# Ok ten times smaller but check it out.



## gordini (Jan 12, 2012)

I wonder how you can build something like this.

http://www.c-modell.de/presse.html

Thomas


----------



## Greg Elmassian (Jan 3, 2008)

That is actually easy, I model in Z scale, you can buy sectional track off the shelf, just make the supports. Looks solar powered. 

Greg


----------



## BigRedOne (Dec 13, 2012)

Well, first you need very tiny trains. (Gold-plated tiny trains are probably optional.) 

Then you need really sharp, beedy eyes to see the tiny trains. And a magnifying glass - even if you have really sharp eyes. 

And an itty-bitty screwdriver ... and the patience of a saint to fetch those itty-biity screws a dozen times each, so you can screw the whole thing up (oops, together.) 

Last but not least, the earth to turn such that your longitude is presented to the sun. 

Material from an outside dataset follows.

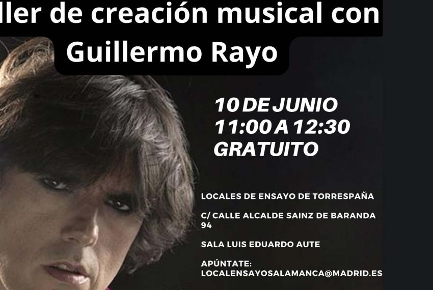 El sábado, 10 de junio a las 11h, en los Locales de Ensayo de Torrespaña se impartirá un taller de creación musical, de carácter gratuito, a cargo del polifacético artista Guillermo Rayo.

Lovely concept - now who wants to make one in a 20' radius with enough locomotives to tug 40 cars up, and down, up, and down, up, and down, up, and down ...


----------



## John J (Dec 29, 2007)

There was a guy who use to come to the train shows That had a something like that in G scale......He ran Eggliners on it. There were two....They would run to the top then back to the bottom.... JJ


----------



## Randy Stone (Jan 2, 2008)

Talk about running in circles.


----------